General characteristics
- Class & type: Doterel-class sloop
- Displacement: 1,130 tons
- Length: 170 ft (52 m) pp
- Beam: 36 ft (11 m)
- Draught: 15 ft 9 in (4.80 m)
- Installed power: 1,020 ihp (760 kW)
- Propulsion: 3 × cylindrical boilers; 2-cylinder horizontal compound-expansion steam engine; Single screw;
- Sail plan: Barque rigged
- Speed: 11 knots (20 km/h)
- Range: 1,480 nmi (2,740 km) at 10 kn (19 km/h) from 150 tons of coal
- Complement: 140–150
- Armament: 2 × 7-inch (90cwt) muzzle-loading rifles; 4 × 64-pounder muzzle-loading rifles; 4 × machine guns; 1 × light gun;

= HMS Miranda (1879) =

Sloop of the Royal Navy

HMS Miranda was a Doterel-class sloop of the Royal Navy, built at Devonport Dockyard and launched on 30 September 1879.

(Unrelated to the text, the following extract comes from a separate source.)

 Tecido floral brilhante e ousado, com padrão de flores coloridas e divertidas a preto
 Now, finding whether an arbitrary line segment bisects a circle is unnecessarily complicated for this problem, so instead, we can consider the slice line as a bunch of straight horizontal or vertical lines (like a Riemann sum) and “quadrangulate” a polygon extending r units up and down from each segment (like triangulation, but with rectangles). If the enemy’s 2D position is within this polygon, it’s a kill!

This class of ship was part of the transition of royal navy ships from sail to steam propulsion. A single screw was mounted in a frame that was raised when the ship was under full sail, which reduced the drag effect of the screw. It's coal burning boilers were vented through a telescopic funnel, which was lowered when the ship was under sail, so as not to interfere with the sails;
hence the royal navy order ‘up funnel, down screw’.

==Design==
The Doterel class was designed by Nathaniel Barnaby as a development of William Henry White's 1874 . The graceful clipper bow of the Ospreys was replaced by a vertical stem and the engines were more powerful. The hull was of composite construction, with wooden planks over an iron frame.

===Propulsion===
Power was provided by three cylindrical boilers, which supplied steam at 60 psi to a two-cylinder horizontal compound-expansion steam engine driving a single 13 ft 1 in screw. This arrangement produced 1020 ihp and a top speed of 11 kn.

===Armament===
Ships of the class were armed with two 7-inch (90 cwt) muzzle-loading rifled guns on pivoting mounts, and four 64-pounder muzzle-loading rifled guns (two on pivoting mounts, and two broadside). Four machine guns and one light gun completed the weaponry.

===Sail plan===
All the ships of the class were provided with a barque rig, that is, square-rigged foremast and mainmast, and fore-and-aft sails only on the mizzen mast.

===Crew===
Miranda would have had a normal complement of 140–150 men.

==Construction==
Miranda was ordered from Devonport Dockyard and laid down on 8 July 1878. She was launched on 30 September 1879 and was commissioned on 22 July 1880.

==Service==
She commenced service on the Australia Station in March 1881, under Captain R. S. Dawson In May 1883, Commander Dyke Acland received command of the ship. The Miranda visited a number of the Ellice Islands (present-day Tuvalu) in 1886. Captain Rooke was in command when Miranda visited a number of the Gilbert Islands in 1886.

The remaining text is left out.